### EXERCISE GOAL
Output range, inclusive: from the line containing "Wireless Gaming Headset, 2.4GH" to the line containing "007580 Стяжки кабельные". Restate those lines from the data below word for word and only those.

### DATA SHOWN
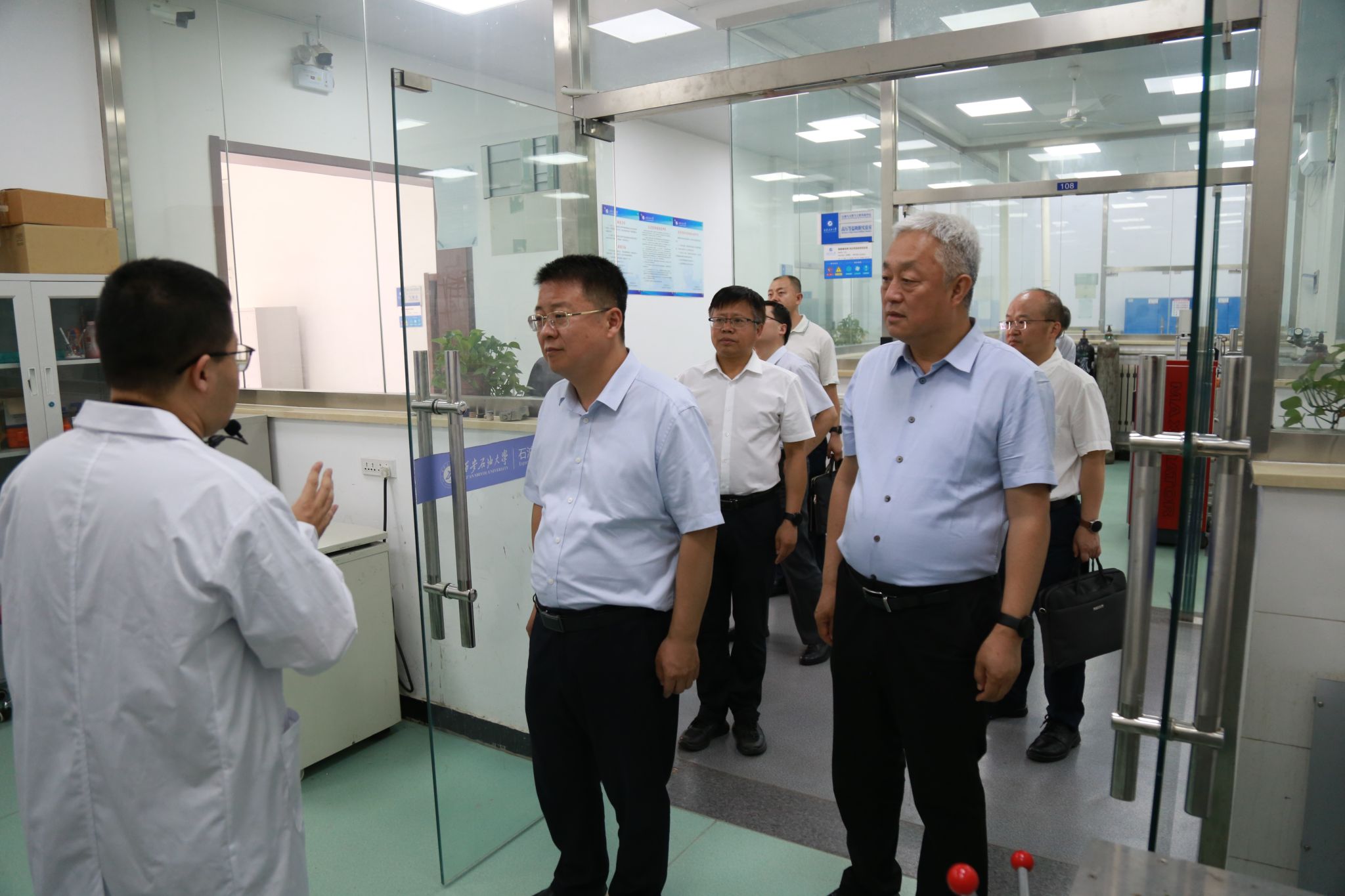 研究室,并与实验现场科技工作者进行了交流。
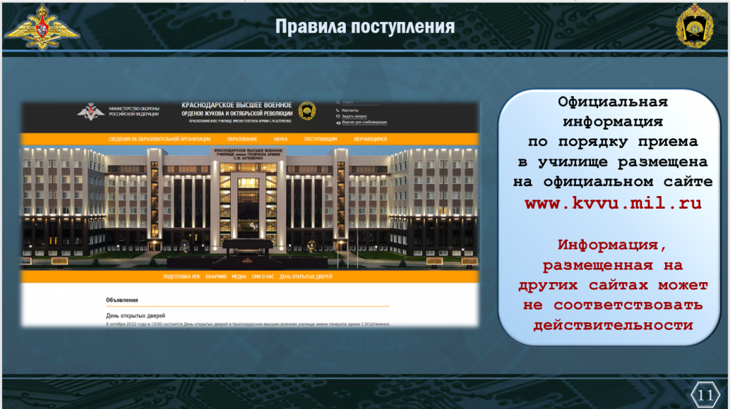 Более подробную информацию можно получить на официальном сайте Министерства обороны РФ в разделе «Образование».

--

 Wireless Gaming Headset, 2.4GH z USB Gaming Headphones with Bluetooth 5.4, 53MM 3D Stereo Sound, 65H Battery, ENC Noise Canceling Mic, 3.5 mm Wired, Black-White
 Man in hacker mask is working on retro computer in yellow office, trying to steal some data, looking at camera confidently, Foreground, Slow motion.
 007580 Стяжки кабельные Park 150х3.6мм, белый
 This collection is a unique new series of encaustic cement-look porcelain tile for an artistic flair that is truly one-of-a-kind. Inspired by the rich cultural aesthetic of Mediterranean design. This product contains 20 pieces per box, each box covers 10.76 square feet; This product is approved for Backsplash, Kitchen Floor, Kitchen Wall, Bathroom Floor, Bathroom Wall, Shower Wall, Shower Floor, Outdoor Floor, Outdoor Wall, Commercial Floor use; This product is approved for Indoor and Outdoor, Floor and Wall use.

### OUTPUT BELOW
 Wireless Gaming Headset, 2.4GH z USB Gaming Headphones with Bluetooth 5.4, 53MM 3D Stereo Sound, 65H Battery, ENC Noise Canceling Mic, 3.5 mm Wired, Black-White
 Man in hacker mask is working on retro computer in yellow office, trying to steal some data, looking at camera confidently, Foreground, Slow motion.
 007580 Стяжки кабельные Park 150х3.6мм, белый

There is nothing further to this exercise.